Current workflow starts with acquiring multiple X-ray images from different views to locate the point of entry, under the help of a reference tool. Next, the medical instrument is invaded and moved inside the patient’s body with small displacements. To determine the direction of the next movements, a set of anteroposterior X-ray images are acquired during each movement, until the target is reached. It could be easily seen that the current procedure produces a large amount of X-ray doses, while with less efficiency on guidance. Low-Efficiency procedure not only frustrates surgeons, but also could cause damages to soft issues and the nervous system, which further lead to severe post-operative sequelae. Therefore, we propose a solution to use HoloLens to display the needle part that is within the patient’s body to better guild the surgeon and protect the patient.

Deliverables

  • Minimum: (Expected by 3/26)
    1. Camera calibration algorithm for RGBD camera and the head mounted display device
    2. Marker tracking algorithm used to track needle movements
    3. Skin model detection algorithm with basic thresholding on point clouds
    4. Roll out HMDs to the hospital operating room
  • Expected: (Expected by 4/29)
    1. Needle location and orientation estimation in 3D space
    2. Algorithms that determine which part of the needle is within the patient’s body
    3. Display the part of the needle that is within the patient’s body via HoloLens
  • Maximum: (Expected by 5/6)
    1. Implementation of different perceptual cues
    2. Evaluation and comparison of different visualizations

Technical Approach

The system setup is showed in the figure below. RGBD CameraTMarker and HoloLensTMarker denote the tracking result from marker to RGBD camera and HoloLens respectively. Similarly, HoloLensTRGBD Camera represents the calibration result between the two devices, which is the transformation matrix from RGBD camera to HoloLens. MarkerPneedle tip indicates the needle tip position with respect to marker coordinate.


Since the big picture of this project is to augment a virtual needle which aligns with physical needle, the complete approach can be divided into five main sections: needle orientation tracking; needle tip position estimation; camera to HoloLens communication; outside/occluded needle parts classification; and virtual needle augmented visualization. The method of using both RGBD camera and HoloLens was designed and developed at the beginning, but was replaced by the idea of using the HoloLens only in the end.

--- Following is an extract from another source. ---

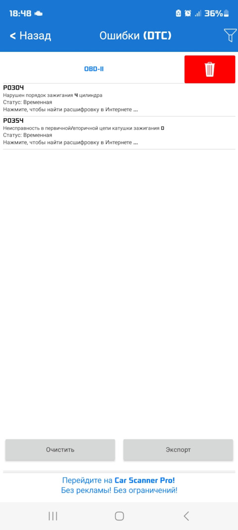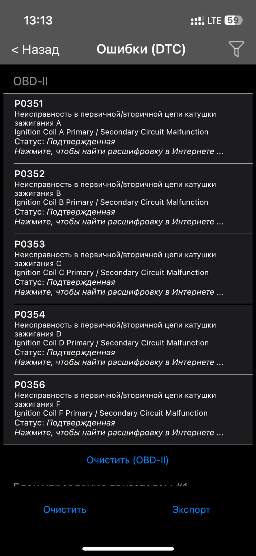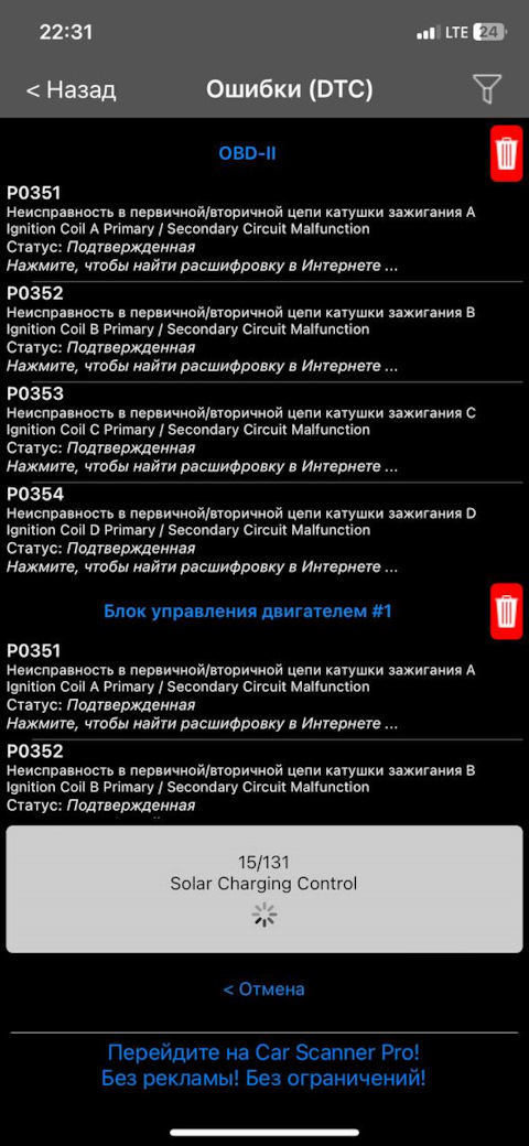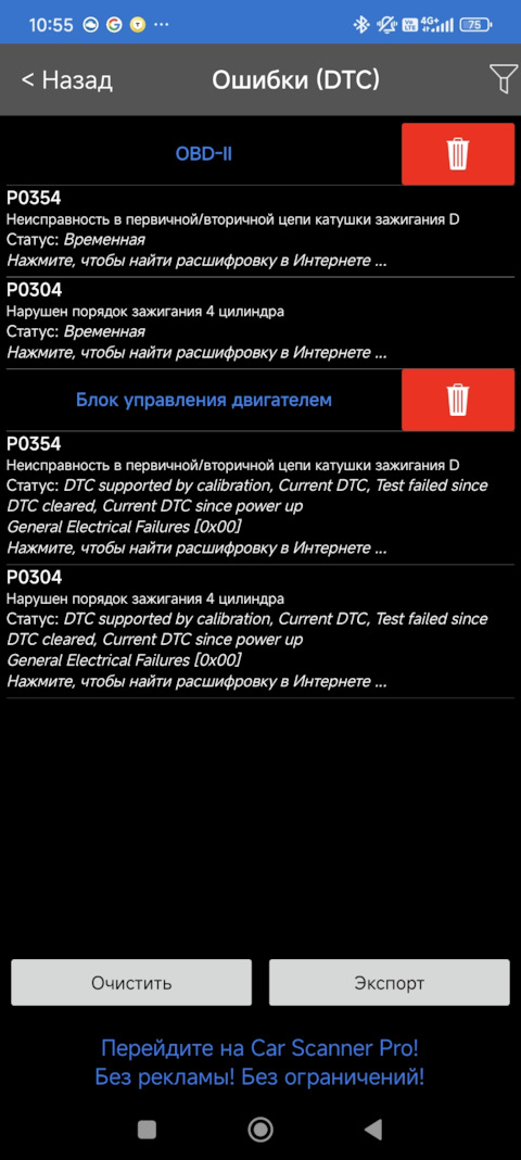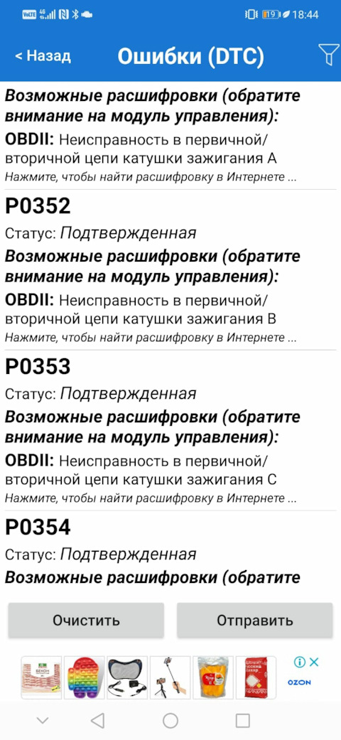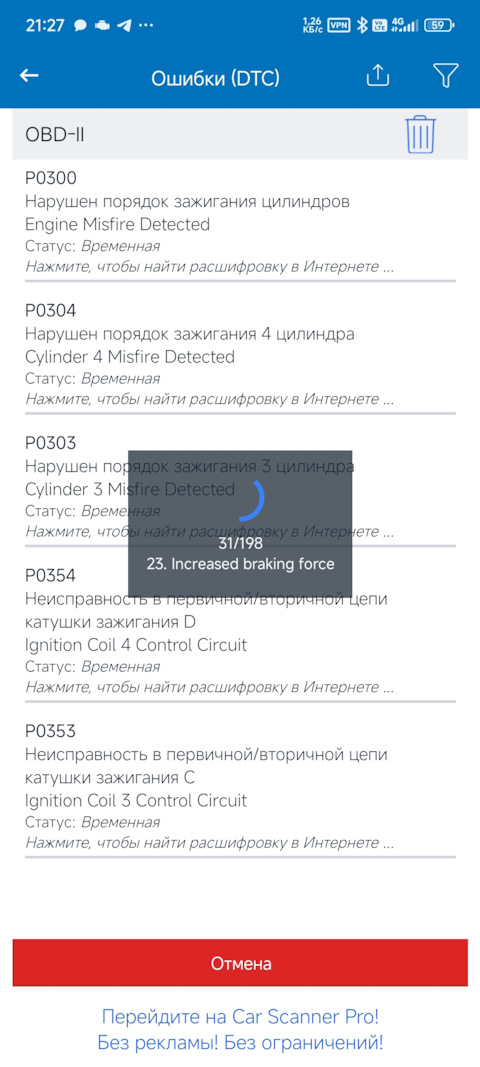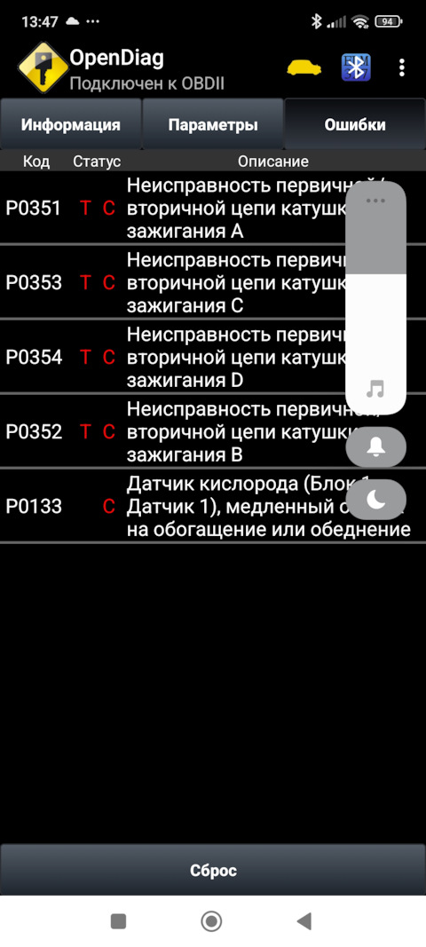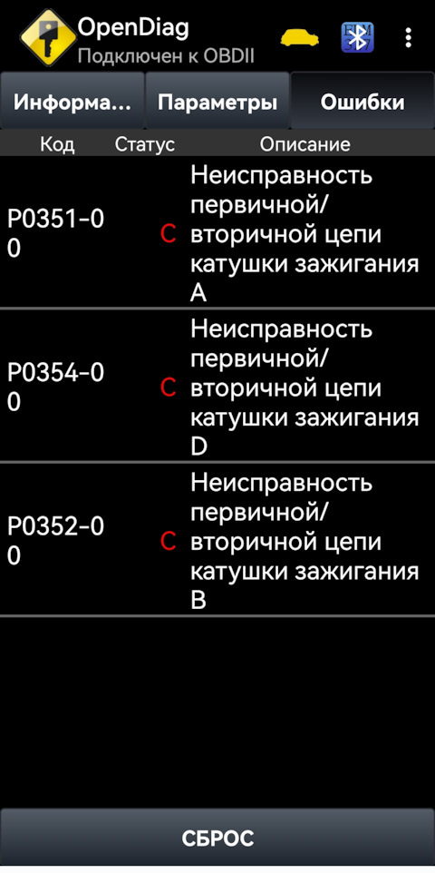Ошибка ОБД. Категория: Зажигание / пропуски / детонация

Needle Tracking with ARToolKit

Needle Tracking using PC and RGBD Camera

In this approach, the needle is tracked by an external PC-connected RGBD camera, through a marker that is rigidly attached to a tool. As showed in the figure below, the tool on the left is used while developing and the tool on the right is the real medical tool used for demo. The tracking algorithm is implemented with the use of ARToolKit.

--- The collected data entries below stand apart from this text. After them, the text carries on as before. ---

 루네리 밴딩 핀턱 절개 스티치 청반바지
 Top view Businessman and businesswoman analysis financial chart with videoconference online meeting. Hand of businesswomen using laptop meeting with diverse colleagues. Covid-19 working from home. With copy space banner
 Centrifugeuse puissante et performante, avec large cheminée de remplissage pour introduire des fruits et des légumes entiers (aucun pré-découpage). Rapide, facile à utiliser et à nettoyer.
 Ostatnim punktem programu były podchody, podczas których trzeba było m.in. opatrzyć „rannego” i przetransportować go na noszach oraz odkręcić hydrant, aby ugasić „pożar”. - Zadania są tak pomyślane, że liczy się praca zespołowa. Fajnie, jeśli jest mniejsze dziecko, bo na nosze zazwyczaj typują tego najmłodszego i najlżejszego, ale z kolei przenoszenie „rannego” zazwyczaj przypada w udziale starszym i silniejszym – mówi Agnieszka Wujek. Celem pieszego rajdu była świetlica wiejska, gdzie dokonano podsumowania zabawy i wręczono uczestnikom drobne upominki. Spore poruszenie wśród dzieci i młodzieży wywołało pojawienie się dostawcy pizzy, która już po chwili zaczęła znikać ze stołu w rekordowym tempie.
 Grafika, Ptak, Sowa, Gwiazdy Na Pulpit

The tracking result was formatted to be the 4×4 homogeneous transformation matrix from marker to the RGBD camera, which is denoted as RGBD CameraTMarker.

Needle Tracking using HoloLens

With the front-facing camera (locatable camera) available on HoloLens, marker tracking using ARToolKit could ideally be very similar to using the RGBD camera with PC. However, since HoloLens runs on Universal Windows Platform (UWP), which uses different tools and run-time libraries than on the PC, ARToolKit does not support any UWP devices. Therefore, the solution implemented above could not be deployed to HoloLens directly. Luckily, a third-party library called HoloLensARToolKit, which contains similar functions included in the normal ARToolKit, has been published [1] and is ready to use. Same as before, the tracking result was formatted to be the 4×4 homogeneous transformation matrix from marker to the HoloLens, which is denoted as HoloLensTMarker.

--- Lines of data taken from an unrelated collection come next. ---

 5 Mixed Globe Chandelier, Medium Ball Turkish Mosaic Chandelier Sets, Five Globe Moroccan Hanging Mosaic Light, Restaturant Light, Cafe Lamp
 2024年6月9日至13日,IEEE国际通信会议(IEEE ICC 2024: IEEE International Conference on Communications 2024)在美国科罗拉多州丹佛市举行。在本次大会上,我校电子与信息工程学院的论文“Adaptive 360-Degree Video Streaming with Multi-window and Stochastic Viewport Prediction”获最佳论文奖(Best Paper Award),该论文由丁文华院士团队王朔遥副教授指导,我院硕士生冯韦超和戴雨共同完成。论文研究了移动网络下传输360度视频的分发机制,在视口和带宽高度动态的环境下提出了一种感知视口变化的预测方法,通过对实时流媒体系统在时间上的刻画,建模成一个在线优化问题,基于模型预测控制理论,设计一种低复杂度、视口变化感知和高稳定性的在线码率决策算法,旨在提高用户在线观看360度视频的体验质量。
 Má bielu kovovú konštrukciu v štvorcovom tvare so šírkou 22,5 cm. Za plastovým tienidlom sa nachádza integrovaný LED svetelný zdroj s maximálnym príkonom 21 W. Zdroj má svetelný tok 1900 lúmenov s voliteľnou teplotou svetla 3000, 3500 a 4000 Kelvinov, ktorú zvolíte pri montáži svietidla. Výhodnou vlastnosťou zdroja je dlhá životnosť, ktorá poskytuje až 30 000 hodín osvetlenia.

Needle Tip Position Estimation

The needle tip position is estimated through the pivot calibration. A program was developed in Unity. It runs in real-time to save all the transformation matrices from marker to camera in a text file. As showed below, the green 4×4 matrix on the upper right corner indicates the current transformation matrix from marker to the camera.

The tip position is kept unchanged for the whole time while moving the marker around for transformations of different poses. For each pose, below relationship stands.

CameraTMarker * Markerptip = Cameraptip

which is the same as

CameraRMarkerMarkerptip + CamerapMarker = Cameraptip

where CameraRMarker and CamerapMarker are the rotation and translation parts of homogeneous transformation CameraTMarker.

Since the needle model is rigid, Markerptip and Cameraptip do not change over time. The above equation is further manipulated to be

[CameraRMarker - I]∙[Markerptip Cameraptip]T = -CamerapMarker

By solving the least square solution of the above equation using the transformation results collected, the tip position with respect to the marker coordinate is obtained.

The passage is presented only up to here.